Re: [openstack-dev] [Nova] Concerns around the Extensible Resource Tracker design - revert maybe?
-Original Message- From: Nikola Đipanov [mailto:ndipa...@redhat.com] Sent: Tuesday, August 12, 2014 3:22 AM To: OpenStack Development Mailing List Subject: [openstack-dev] [Nova] Concerns around the Extensible Resource Tracker design - revert maybe? Hey Nova-istas, While I was hacking on [1] I was considering how to approach the fact that we now need to track one more thing (NUMA node utilization) in our resources. I went with - I'll add it to compute nodes table thinking it's a fundamental enough property of a compute host that it deserves to be there, although I was considering Extensible Resource Tracker at one point (ERT from now on - see [2]) but looking at the code - it did not seem to provide anything I desperately needed, so I went with keeping it simple.
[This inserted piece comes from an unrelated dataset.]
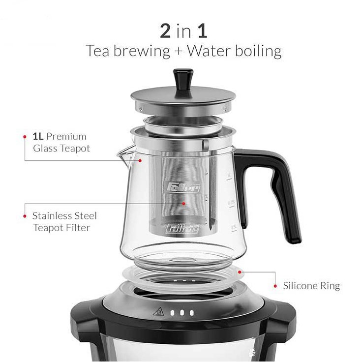 چای ساز فلر TS390 مجهز به کتری 3 لیتری و قوری شیشه ای 1 لیتری، سیستم قطع کن خودکار، نشانگر سطح آب، نشانگر LED و صافی توری و فیلتر استیل ضد زنگ می باشد.

So fast-forward a few days, and I caught myself solving a problem that I kept thinking ERT should have solved - but apparently hasn't, and I think it is fundamentally a broken design without it - so I'd really like to see it re-visited. The problem can be described by the following lemma (if you take 'lemma' to mean 'a sentence I came up with just now' :)): Due to the way scheduling works in Nova (roughly: pick a host based on stale(ish) data, rely on claims to trigger a re-schedule), _same exact_ information that scheduling service used when making a placement decision, needs to be available to the compute service when testing the placement. This is not the case right now, and the ERT does not propose any way to solve it - (see how I hacked around needing to be able to get extra_specs when making claims in [3], without hammering the DB). The result will be that any resource that we add and needs user supplied info for scheduling an instance against it, will need a buggy re-implementation of gathering all the bits from the request that scheduler sees, to be able to work properly. This is obviously a bigger concern when we want to allow users to pass data (through image or flavor) that can affect scheduling, but still a huge concern IMHO. I'd think this is not ERT itself, but more a RT issue. And the issue happens to PCI also, which has to save the PCI request in the system metadata (No ERT at that time). It will be great to have a more generic solution. Thanks -jyh ___ OpenStack-dev mailing list OpenStack-dev@lists.openstack.org http://lists.openstack.org/cgi-bin/mailman/listinfo/openstack-dev
Re: [openstack-dev] [Nova] Concerns around the Extensible Resource Tracker design - revert maybe?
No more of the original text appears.